2. Real property: specific performance: rescission. Whether the portion of the motion asking that the issues raised by the cross-p'etition be heard in equity would seem necessarily to have been included in the ruling-of the court. But there was no ruling on that portion of the motion, save as so included. If it really states a cause of action for specific performance, there can be no doubt as to the propriety of an order directing that the hearing be as in equity. It is to be observed, however, that the circumstance alleged, that plaintiffs leased the land, and their tenants took possession, is not pleaded as a waiver of performance on the day stipulated, or reason for delay. See Lillienthal v. Bierkamp, 133 Iowa, 42. Nor is other excuse suggested. That plaintiffs’ attorney may have urged objections void of merit to the abstract did not obviate defects to which there may have 'been valid objection.
Even though time is not of the essence of the contract, if plaintiffs offered to perform on the day fixed therefor, and this was rendered impossible by the failure of defendants then to furnish such an abstract as had been agreed, or because of not then having such title as was to be conveyed, and thereafter plaintiffs elected to rescind by bringing this suit, defendants, in their pleading, praying for specific performance, should present reasonable explanation for not then being ready to perform and a satisfactory showing that they will be ready within a reasonable time. The purchaser is not bound to wait indefinitely for compliance by the vendor with the terms of the contract, even when time is not of the essence. Though not holding that an election to rescind will cut off all subsequent proceedings in the way of undertaking to get in readiness to perform, such is the result, unless a satisfactory ex*717planation be made in the pleading of the failure to perform at the time agreed and assurance given that defects will be overcome within a reasonable time. Should the cross-petition be amended so as to be sufficient in these respects, the hearing should be had as in equity.

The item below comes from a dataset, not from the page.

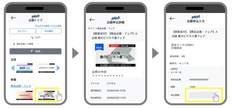 日本出版販売株式会社 日本出版販売株式会社(代表取締役社長:富樫 建、略称:日販)は、“誰でも・どこでも・無料で”使える書店向け発注プラットフォーム「NOCS0(ノックスゼロ)」に、2026年1月21日(水)より新たに企画申込機能を追加しました。 スマホ・タブレット画面イメージ

3. Cross-petition: issues: parties. II. The pleading designated as cross-petition and petition of intervention, praying that title be quieted against many new parties to the action, was filed pending the ruling on the motion to transfer to the equity side, and the motion to strike it as not germane to the controversy between the original parties was overruled. The plaintiffs had interposed specific objections to the abstract, according to which parties other than defendants appeared to have some right or interest in the land, and by this pleading defendants sought to bring such parties into the case and have decree entered quieting title thereto against them. The issues thereby tendered by new parties joining with defendants and against these new parties as defendants were entirely distinct from the issues made between the parties in the main case. Nothing adverse to the plaintiffs is prayed in this pleading. The plaintiffs could neither deny nor admit the allegations thereof. The trial of such issues might consume much time and expense, be long-continued, and this to the detriment of the plaintiffs in the prosecution of their own cause of action. Section 3574 of the Code provides that “when a defendant has a 'cause of action affecting the subject-matter of the action against a codefendant, or a person'not a party to the action, he may, in the same action, file a cross-petition against the co-defendant or other person. ’ ’ This pleading sets up a distinct and independent cause of action having no relation whatever to that asserted in the petition, or to that alleged in the cross-petition, save as it may furnish essential evidence to be used in the hearing on the original cross-petition. “Wholly distinct and independent transactions cannot be brought into action by cross-petition.’'’ Culbertson v. Salinger, 131 Iowa, *718307; Mahaska County Bank v. Christ, 82 Iowa, 56; Novak v. Novak, (Iowa) 111 N. W. 10.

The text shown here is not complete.